Provided the distance between the pivot and blade doesn’t change, your radius is fixed and you should cut a circle. 
I think the main issue if the pin isn’t in line with the blade teeth, is you are forcing the blade to twist which will put unnecessary stress on it and in the extreme break it.


----------



## Jonzjob (19 Jul 2022)

A variation on the above?


----------



## Jonzjob (19 Jul 2022)

I did my 18" lasy Susan on my lathe. That makes it round 

Oh, nearly forgot to say that I also turned all 36 of the ⅝" balls on the lathe too, good fun


----------



## pe2dave (19 Jul 2022)

Jonzjob said:


> I did my 18" lasy Susan on my lathe.
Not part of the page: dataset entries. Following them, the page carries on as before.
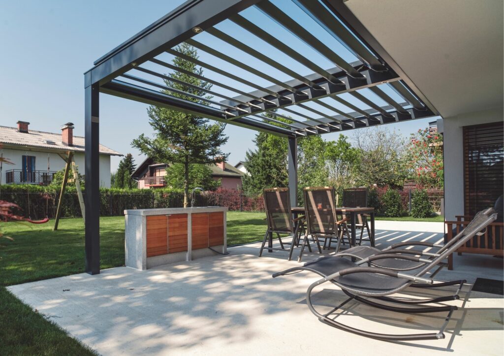 Grâce à ses lames orientables, la pergola bioclimatique protège efficacement du soleil, de la pluie et du vent tout en assurant une ventilation naturelle.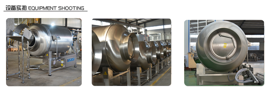 真空滾揉機是在真空狀態下,利用物理沖擊原理,讓肉塊或肉餡在滾筒內上下翻動,相互撞擊、摔打,從而達到按摩、腌漬作用。腌漬液被肉充分地吸收,增強肉的結合力及彈性,提高產品的口感及斷面效果,可以增強保水性,增加出品率,可以改善產品的內部結構。主要適用于牛肉、羊肉、整雞鴨、豬肉等肉制品以及蔬菜。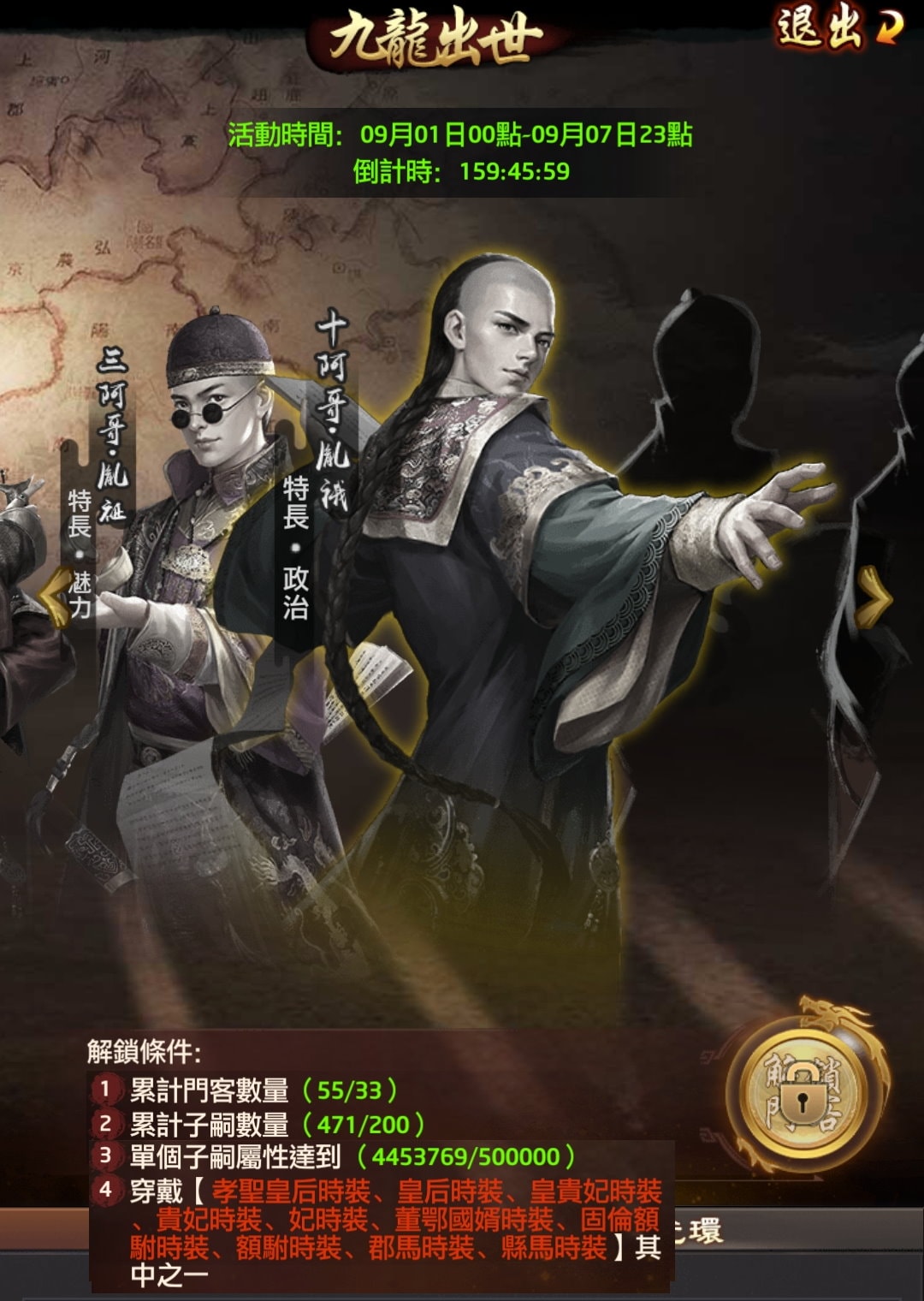 | 10 | 累計門客數量:83 | 全數屬性+160% |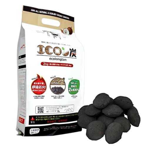 『平城商事 エコロン炭 2kg』は、ヤシガラ(ココナッツ殻)を原料にした環境にやさしい豆炭で、爆ぜにくい安全設計が特徴です。

That makes it round
> 
> Oh, nearly forgot to say that I also turned all 36 of the ⅝" balls on the lathe too, good fun


Oddly, I (guessed) thought a square top to a lazy susan would be more useful... commercial bearings Jon ;-)


----------



## recipio (19 Jul 2022)

You are going to end up with a rough cut on the bandsaw which will need sanding. I cut the circle freehand on the bandsaw allowing about 4mm extra and then use a jig on the disc sander to finish. Amazingly accurate and you end up with a finished edge.


----------